Introduction

Trauma is the number one cause of death in children older than 1 year [1]. Pediatric trauma patients with multisystem injuries are frequently evaluated with radiographs or CT [2]. In children with head or abdominal trauma, CT evaluation is well accepted and has been shown to improve patient care by precisely identifying clinically significant injuries that may require emergent surgical referral [3, 4]. The identification of abnormal chest CT findings in pediatric trauma and its impact on patient care, however, is not as well understood.

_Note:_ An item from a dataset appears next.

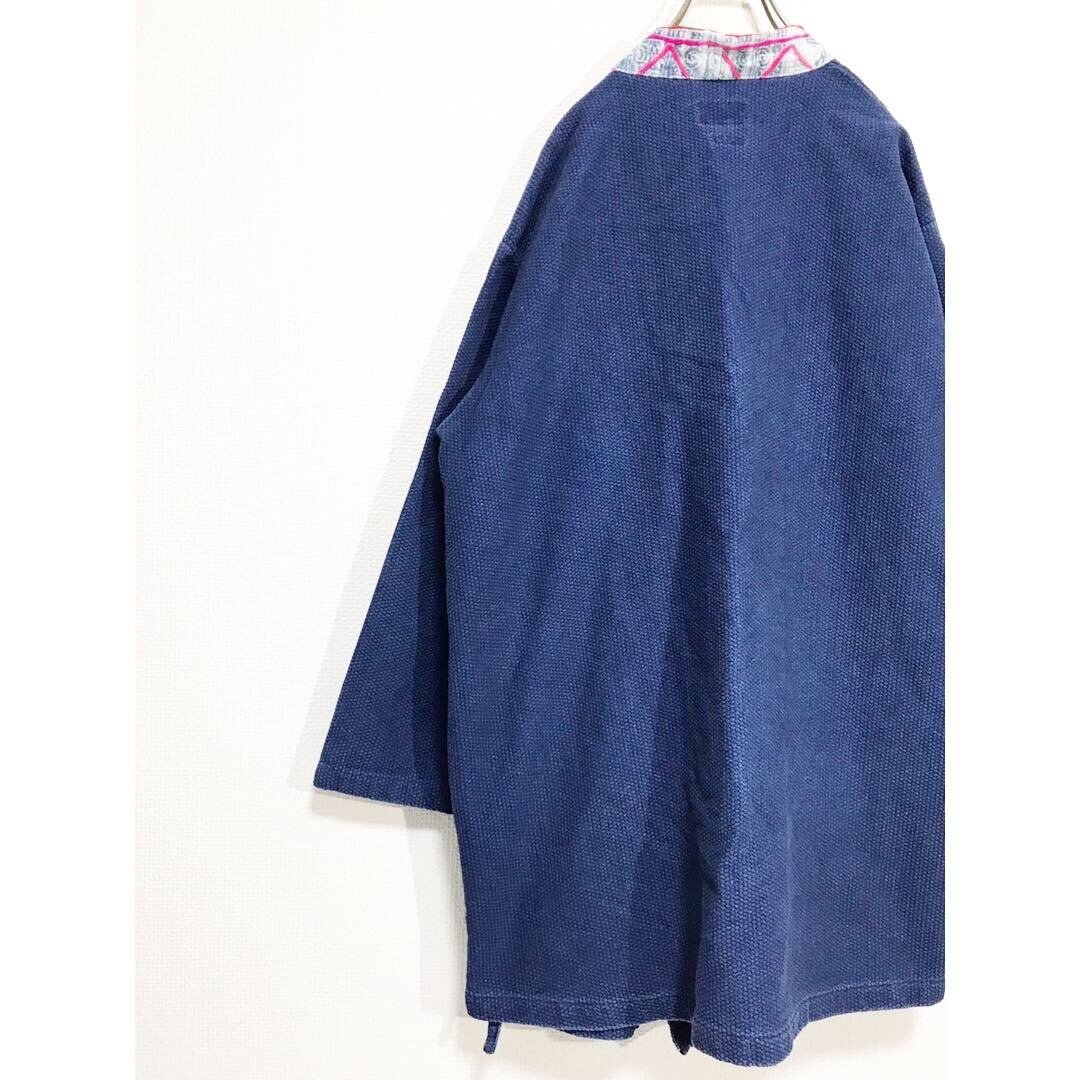 ジャパニーズヴィンテージ風な羽織 柔道着の様な超肉厚コットン インディゴ染めによって染め上げられた濃紺ボディーにヴィヴィッドピンクの刺繍 ガバッと羽織れるオーバーサイズ 未使用品なのでこれからの経年変化を楽しめそう

In the adult population, chest CT in blunt chest trauma is particularly important in the assessment of aortic injury and facilitates prompt surgical referral [5, 6]. In children, however, aortic and other mediastinal injuries are uncommon. In one review of 10,886 children with blunt injury, 7 patients (0.06%) were found to have an aortic injury [7]. The more common thoracic injuries in pediatric trauma patients include pulmonary parenchymal injuries, rib fractures, and pneumothoraces [8]. Although CT is useful in elucidating the extent of these injuries, many of these injuries can also be found on chest radiography. For example, chest CT is more sensitive at detecting pneumothorax and in assessing the extent of an injury [9], but these additional findings do not frequently result in change in management [10]. Furthermore, it is not clear whether or how chest CT findings would affect patient management or patient outcome beyond identification of vascular injury.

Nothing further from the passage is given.